Первый в раю
Самиздат:
[Регистрация]
[Найти]
[Рейтинги]
[Обсуждения]
[Новинки]
[Обзоры]
[Помощь|Техвопросы]
Глава первая
Поезд мчался от Москвы на юг через сырые весенние перелески, распаханные поля, гомон соловьев. Поезд мчался по звенящим мостам над реками с масляно-черной водой, по изнасилованным донельзя рельсам, под низким небом, набухшим, как дойное вымя. Была ночь, и поезд мчался во тьму. Да, поезд мчался во тьму.

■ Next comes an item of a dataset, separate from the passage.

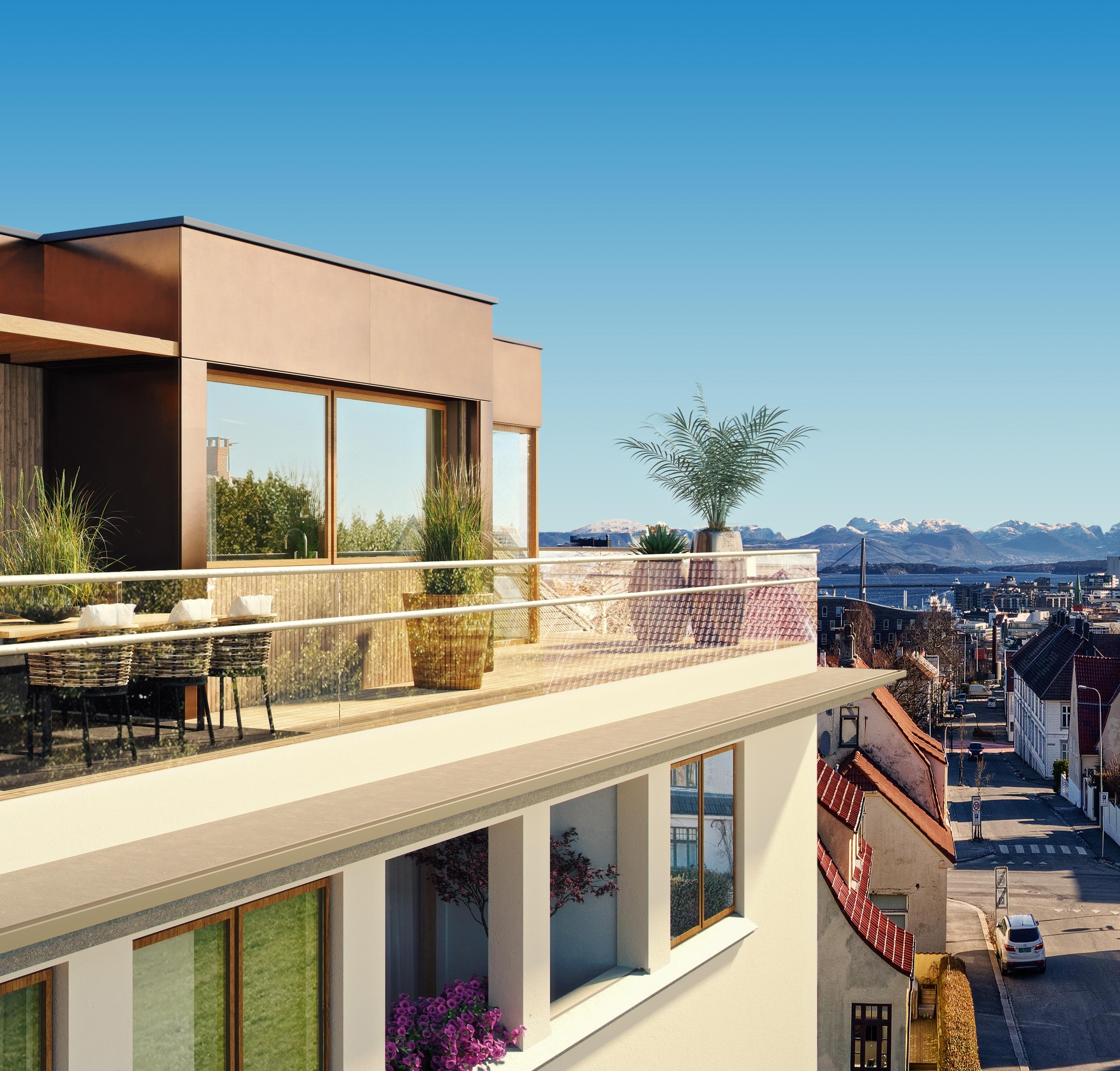 Takterrassen til leilighet NJ-51, Ledaal Park Niels Juel.

Виктор Лукин лежал на верхней полке платцкартного вагона и старался поймать глазами прыгающий потолок. "Что я знаю об отце? - думал он, - что он с тех мест, откуда "есть пошла Русская земля"? Я и о тех местах ничего не знаю. Разве только то, что там была река Кунья..."
...Там была река Кунья, скачущая по гладким валунам, принесенных ледником со Скандинавии. На них можно было улечься во весь рост, когда припечет солнце, и тепло тогда шло с двух сторон: с неба и из нагретого камня.
По быстрой реке сплавляли лес. В каменистых порогах застревало много бревен, и ребята вытаскивали их и слагали огромные, горящие до утра костры. Рыбу ловили без удочек, залезая рукой под камни, и пекли на огне, втыкая прутья в живое, шевелящееся серебро. Вокруг рос сосновый бор, темный и дремучий, и часто в сырых колеях лесных дорог можно было увидеть отпечаток босой, почти человечьей ноги, только с когтями, - это гуляли медведи.
Август в том году был жарким. Год был сорок первым.
Братья-подростки расталкивали и отправляли по течению черные, как головешки, бревна. Выныривая, об них можно было ненароком разбить себе голову. Мальчик помладше, продрогнув, вышел на берег греться у костра. Старший, шестнадцатилетний Василий, высокий, плечистый, красивый, пошарил под камнем рукой и вытащил крупную рыбину.
- Борька! - крикнул он мальчику на берегу. - Лови!
Рыба, извиваясь и блестя на солнце, плюхнулась на песок. Юркий Боря поймал ее и взял за жабры:
- Смотри - налим! Печень отдашь?
- Ешь. Я потом еще поймаю. - Василий подошел к костру, на ходу выжимая трусы.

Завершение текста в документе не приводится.